I take a step back in time to avoid him getting me in the chest, but he gets me in the shoulder instead. The blade is six or seven centimetres long but it feels like I’ve been stabbed with a sword. He turns the blade in the wound. It flares with fresh pain but also makes me feel more alive. I must live. I must save Jo. With the thought of Jo comes more strength.

It’s difficult to swing a fist because my hands are cuffed together but I manage to club him under the jaw. He rocks backwards, leaving the blade in my shoulder. I reach to it and pull. My screams are muffled because my throat is raw, and as the blade drags out the Real World shimmers and darkens, then darkens some more but doesn’t disappear. He punches me in the wound and the knife falls from my hands. My only comfort is that this could all be over if I just close my eyes.

But that’s not the way it’s going to be. Fuck that. Right now, I’m all out of failing.

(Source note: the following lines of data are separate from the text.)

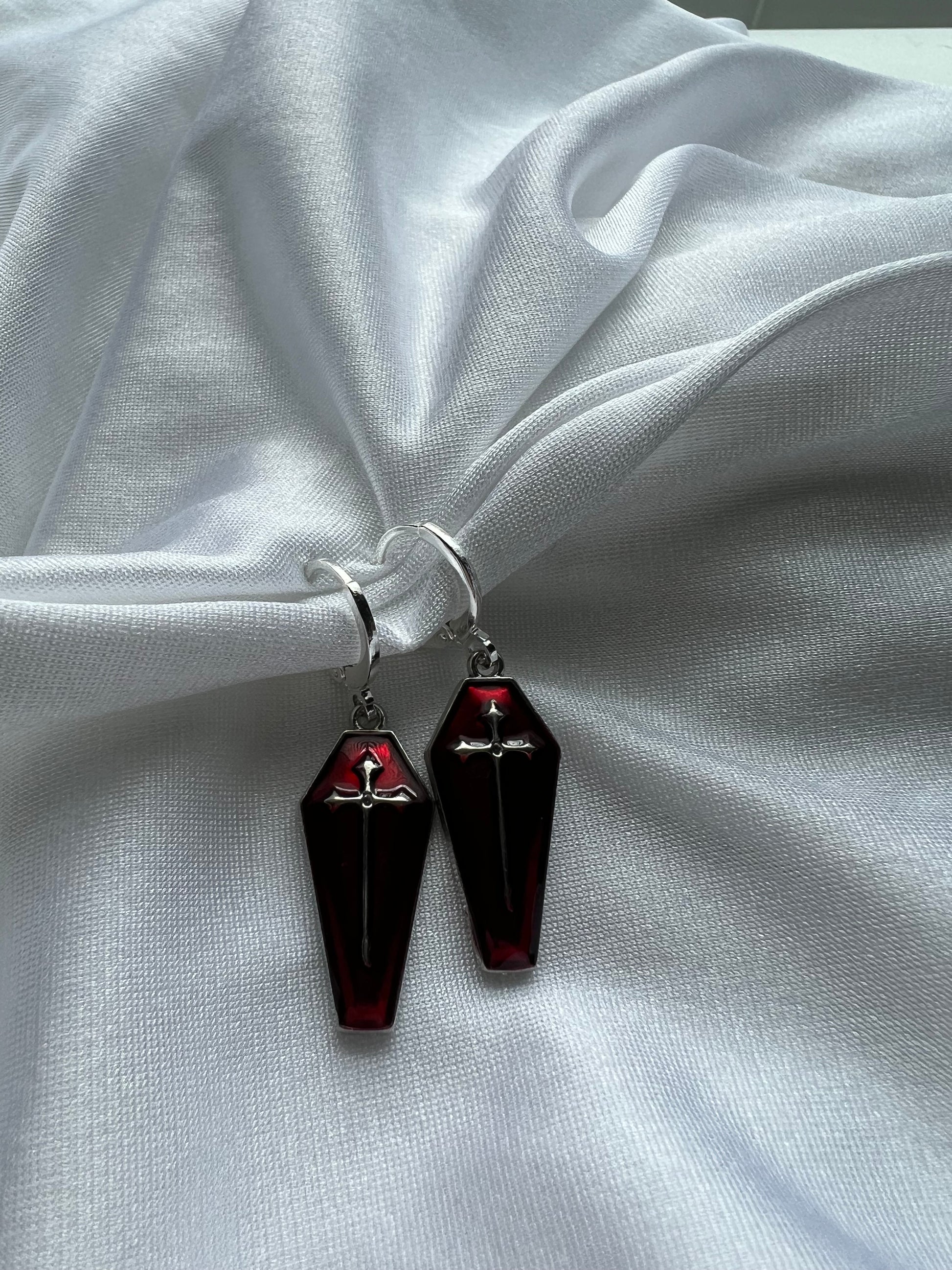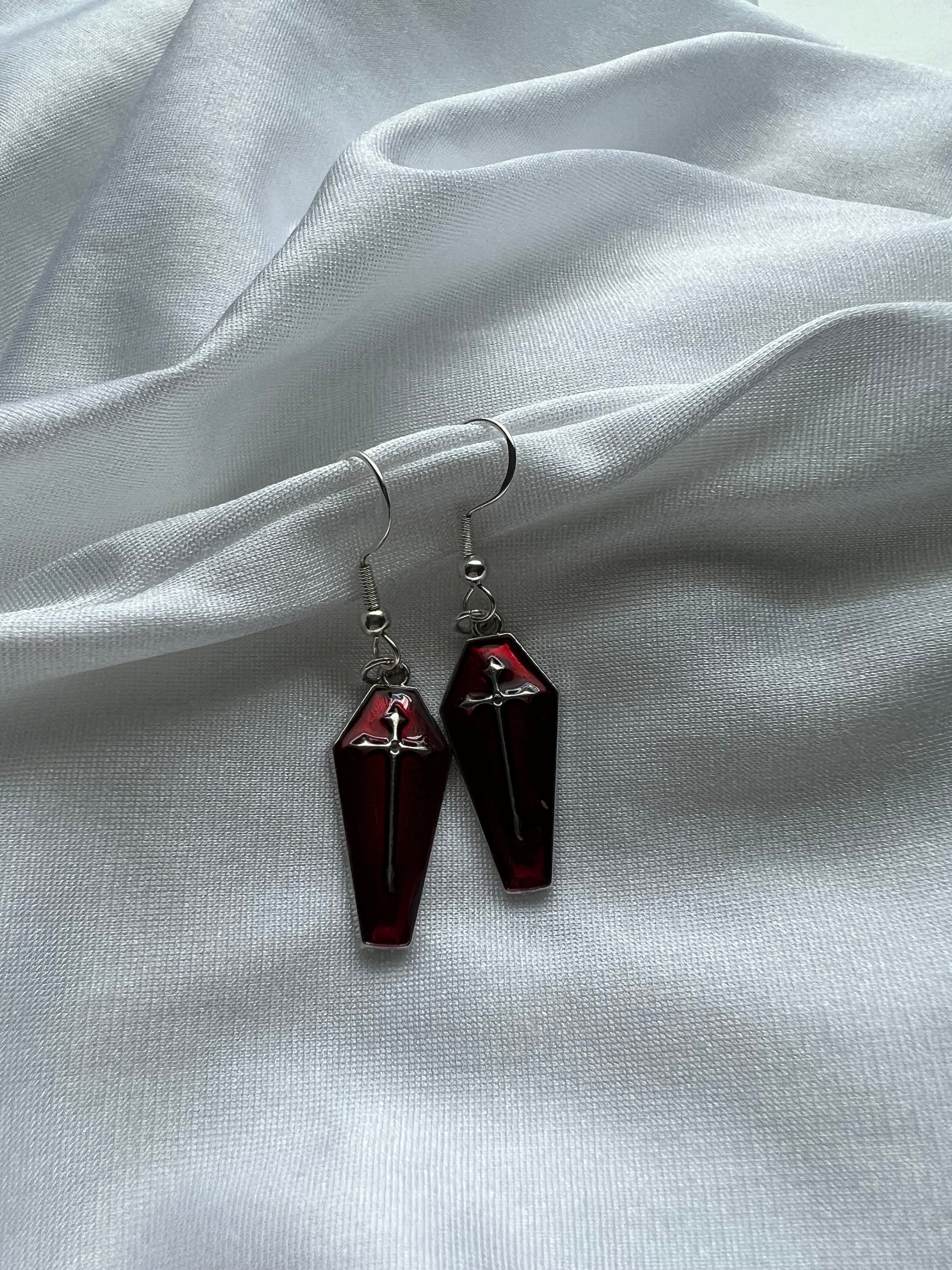 red coffin earrings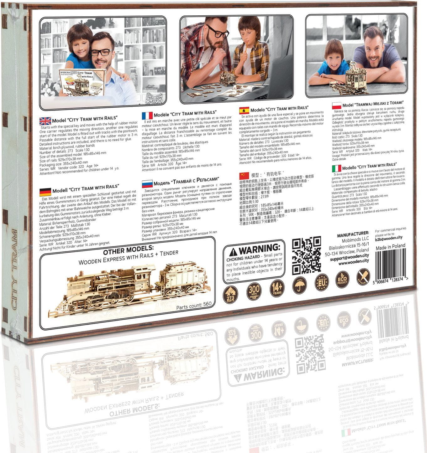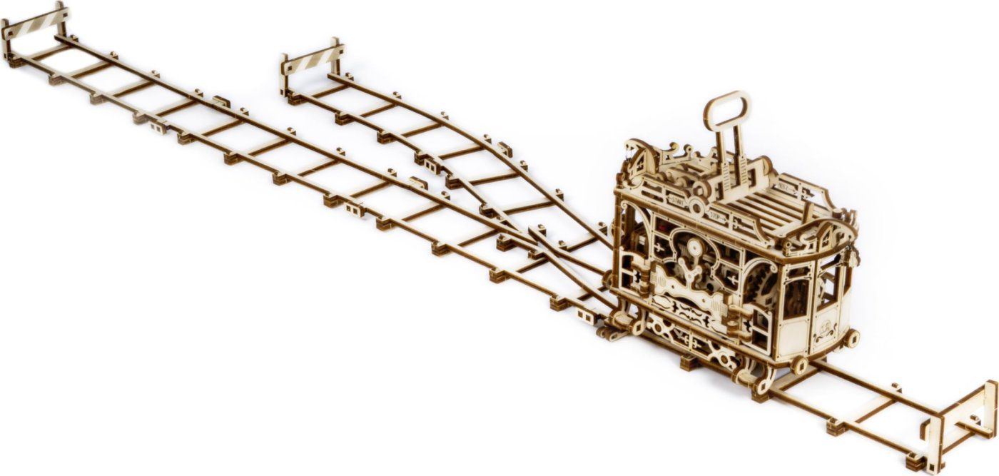 Ponosni smo, da vam lahko predstavimo naš novi mehanski leseni set – mestni tramvaj s tiri. Videti je kot pravi tramvaj, ki je na poti, da vam pokaže vse posebne kraje, ki jih želite videti v svojem najljubšem mestu. Model sestavite s prijatelji ali otroki, ga postavite na tire in uživajte v trenutku zabave in sreče. – zažene se s posebno tipko – premika se z gumijastim motorjem – nadzor smeri gibanja in zagona modela – prevožena razdalja pri polnem delovanju gumijastega motorja je 3 m – vozi naprej in nazaj 3D sestavljanka WOODEN CITY City Tramvaj s tiri je nenavadno darilo za vaše najdražje in ljubitelje sveta na tirih. Približni čas sestavljanja: 5 ur Merilo: 1:30 Dimenzije modela: 18,5 × 8,5 × 14,6 cm Dimenzije tirnice: 92,9 × 17 × 3,8 cm Lesene sestavljanke WOODEN CITY 3D so podrobni, funkcionalni mehanski modeli, ki se sestavijo brez lepila ali orodja. Izdelani so iz okolju prijaznih lesenih materialov – visokokakovostne vezane breze. Z mehanskimi lesenimi sestavljankami WOODEN CITY se boste ure in ure zabavali ob sestavljanju ter od blizu spoznali zobnike, gumijaste motorje, zobniška kolesa in druge sestavne dele.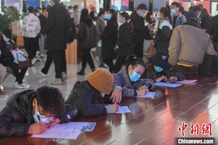 求職者在招聘會上填寫個人信息。貢嘎來松 攝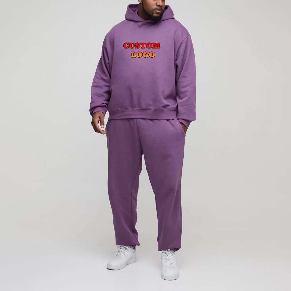 ชุดเซ็ตเสื้อฮู้ดดี้โอเวอร์ไซส์มีฮู้ดลายโลโก้แบบวินเทจและกางเกงขายาว | ชุดวอร์มผ้าฟลีซเนื้อหนัก 100% ผ้าฝ้าย | เสื้อผ้าสตรีทแวร์แบบยูนิเซ็กซ์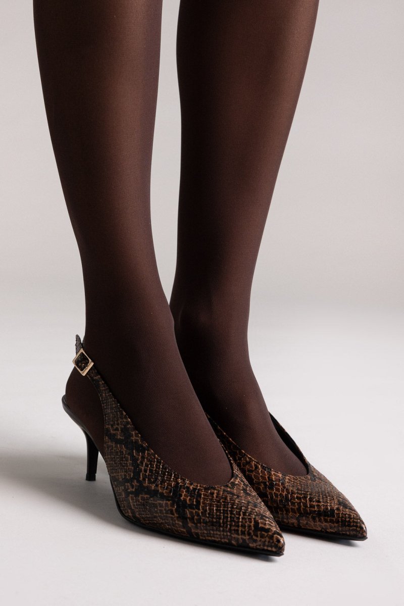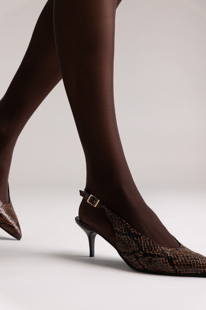 Μυτερές γόβες slingback από την TFP με snake-print επάνω μέρος και πλαϊνό λουράκι με αγκράφα. Κομψή σιλουέτα, μαλακή αντικραδασμική σόλα—κομψά τακούνια για το γραφείο και τη βραδινή έξοδο.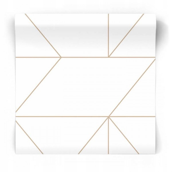 Tapeta Biala W Zlote Brazowo Rude Linie Trojkaty Sklep Dekoori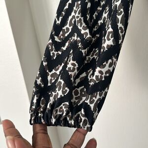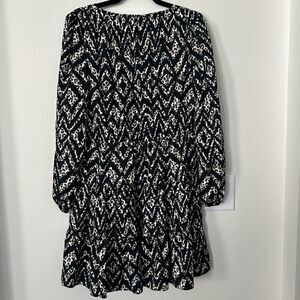 EUC B&W textured dress with v-neck, elastic waist and tiered bottom.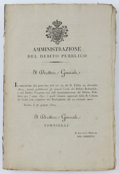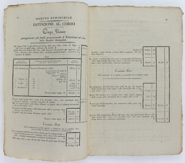 AMMINISTRAZIONE DEL DEBITO PUBBLICO - CONTO RESO DALL'AMMINISTRAZIONE DEL DEBITO PUBBLICO PER L'ANNO 1821. Debito Redimibile. Rendite. Estinzione al Corso. Torino, 26 giugno 1822.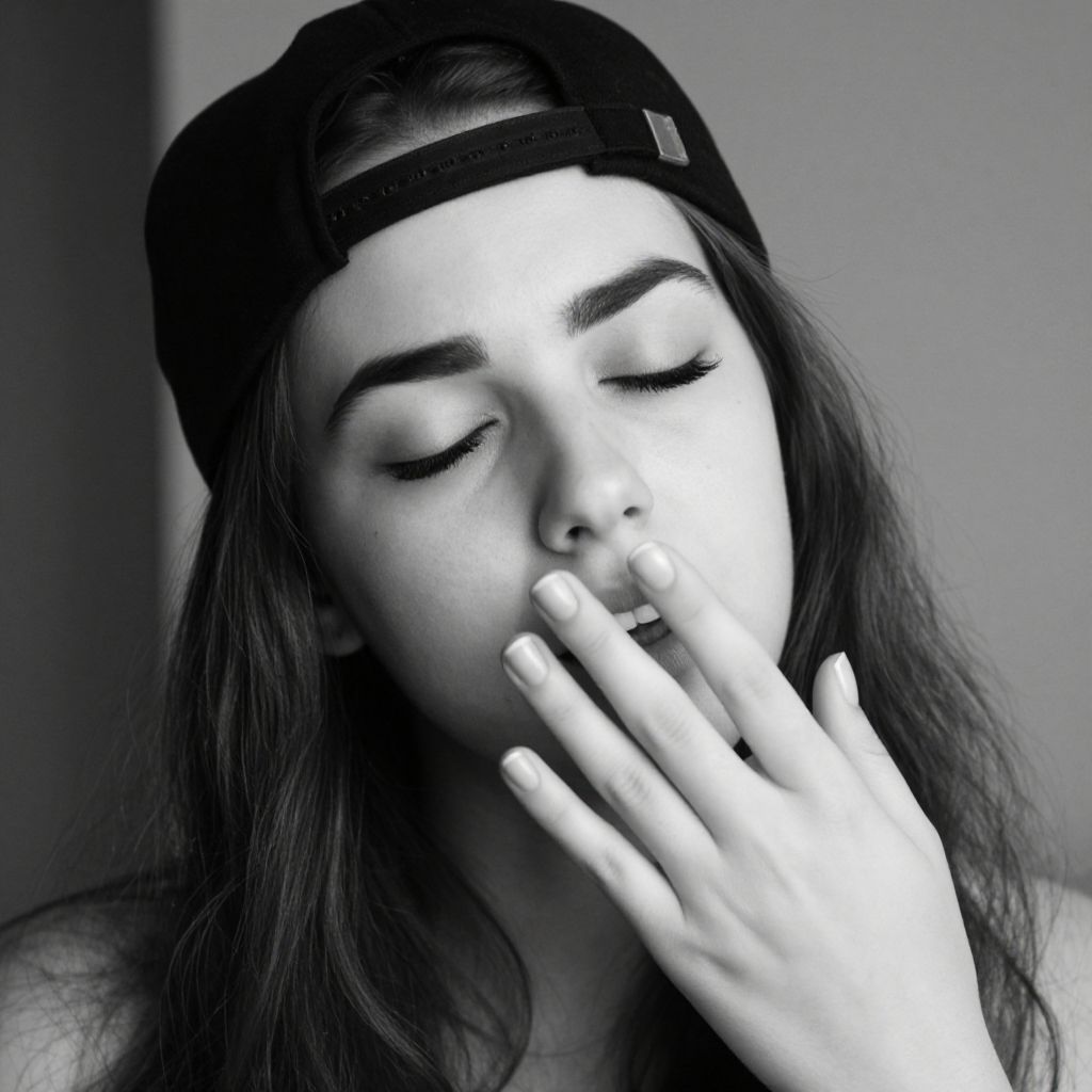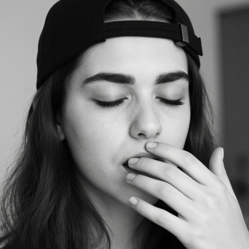 Black and white photo of a young woman with long dark hair and thick eyebrows. She's wearing a backward black cap and has her eyes closed, resting her hand near her mouth. Her fingers are slightly spread, and her expression is relaxed. The background is blurred, focusing attention on her face. The overall vibe is cool and introspective.
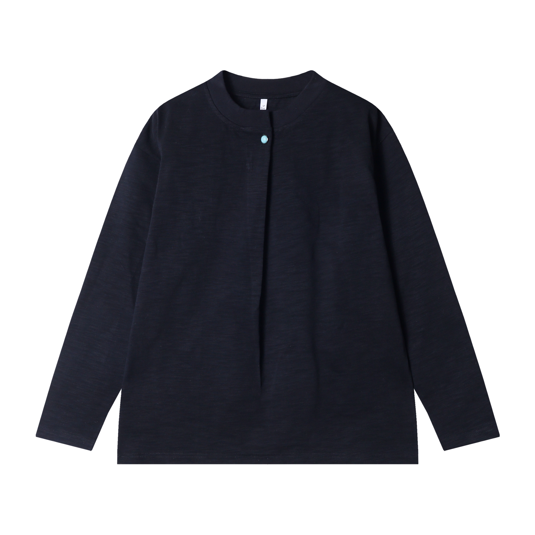 T2223秋冬季新款时尚个性圆领纽扣纯色设计感小众设计百搭宽松休闲上衣
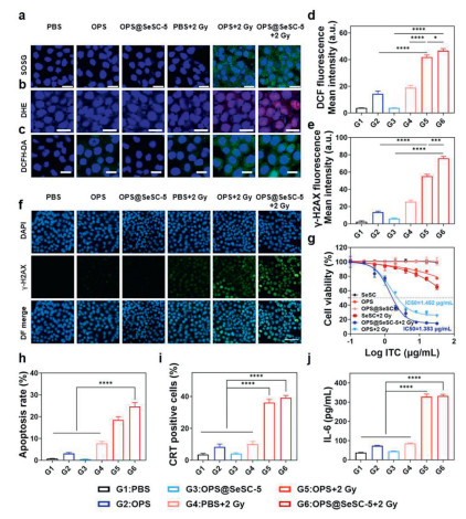 Figure 3.  In vitro ROS generation and anti-tumor effect of OPS@SeSC-5-mediated RDT. (a) The fluorescence signal of SOSG in the treated 4T1 cells in darkness or with 2 Gy irradiation. SOSG: green; 4′, 6-diamidino-2′-phenylindole (DAPI): blue. (b) The fluorescence signal of dihydroethidium (DHE) in the treated 4T1 cells in darkness or with 2 Gy irradiation. DHE: red; DAPI: blue. (c) The fluorescence signal of 2′, 7′-dichlorodihydrofluorescein diacetate (DCFH-DA) in the treated 4T1 cells in darkness or with 2 Gy irradiation. DCFH-DA: green; DAPI: blue. Scale bar: 20 µm. (d) Quantitative data on the average fluorescence intensity of DCFH-DA under different treatments. (e) Quantitative data on the average fluorescence intensity of γ-H2AX under different treatments. (f) Representative immunofluorescence images of γ-H2AX in the treated 4T1 cells after 2 Gy of radiation. γ-H2AX: green; DAPI: blue. Scale bar: 50 µm. (g) Cell viabilities of 4T1 cells. (h) Late apoptosis rate of 4T1 cells under different treatments. (i) CRT expression in the treated 4T1 cells. (j) The secretion levels of IL-6 in BMDCs. Data represent mean ± SD. *P < 0.05, ***P < 0.001, ****P < 0.0001.

Or maybe not, because he touches the lighter against my lighter-fluid-soaked jacket.





53


The forest pulses in and out of focus. It’s like looking at the world from inside a water balloon while somebody is pushing and prodding against the sides. Her head aches from the blow she took from Cyris as he dragged her to the car: the epicentre of the pain is the back of her skull. The rope holding her to the tree is also holding her on her feet. When she looks down her brain feels like it’s lying against the back of her eyeballs. But hopefully the rope won’t be around her for too much longer because Charlie has escaped. Thank God.

She holds her breath and wriggles back and forth again, trying to loosen the rope, not prepared to leave her fate up to Charlie and his fighting abilities. The tree tears at her but she doesn’t care. Her vision clears for a few seconds and she watches the two men fight, and then her vision blurs and she tilts her head down as pain washes through her. For a moment she doesn’t know where she is. The waves are arriving every few seconds, washing over her, making her feel ill.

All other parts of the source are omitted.